TASK BRIEF: All of the data should be repeated exactly; pictures are not part of the copy.

BEGIN GIVEN INFORMATION

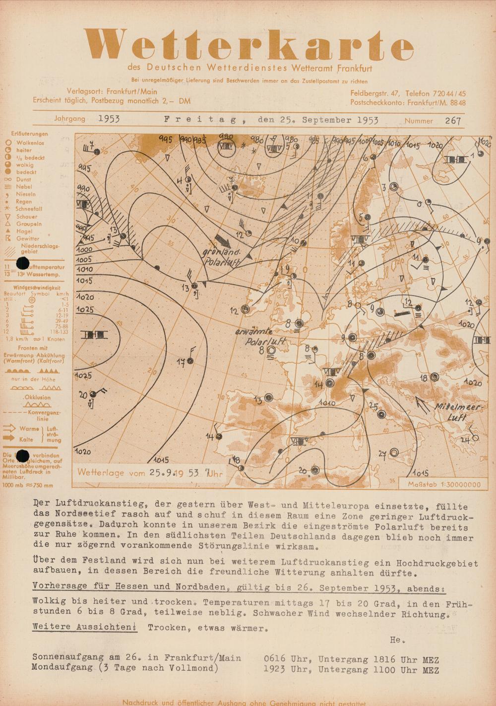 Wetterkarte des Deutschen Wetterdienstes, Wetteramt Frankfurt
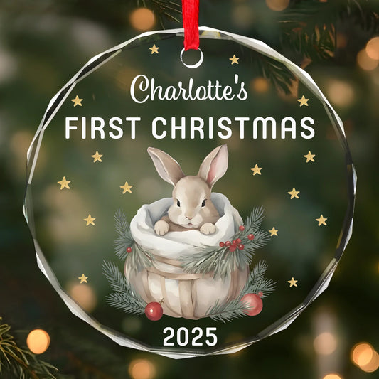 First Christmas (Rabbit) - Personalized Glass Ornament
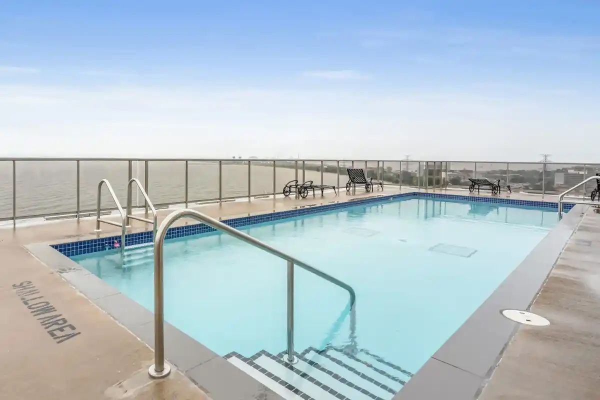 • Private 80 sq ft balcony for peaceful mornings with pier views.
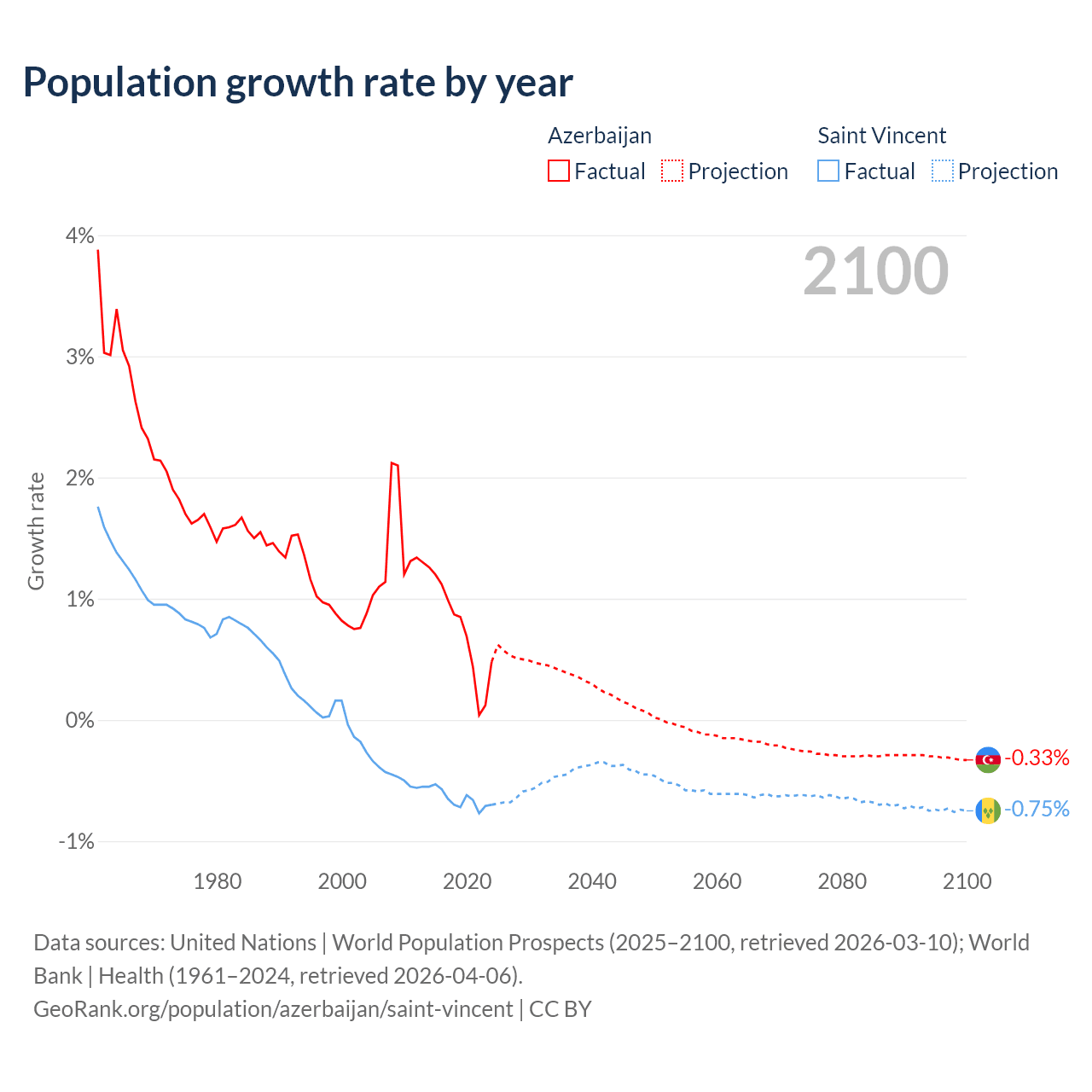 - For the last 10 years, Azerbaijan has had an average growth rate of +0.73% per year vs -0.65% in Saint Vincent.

END GIVEN INFORMATION

OUTPUT FOR THIS TASK:
 Wetterkarte des Deutschen Wetterdienstes, Wetteramt Frankfurt
 First Christmas (Rabbit) - Personalized Glass Ornament
 • Private 80 sq ft balcony for peaceful mornings with pier views.
 - For the last 10 years, Azerbaijan has had an average growth rate of +0.73% per year vs -0.65% in Saint Vincent.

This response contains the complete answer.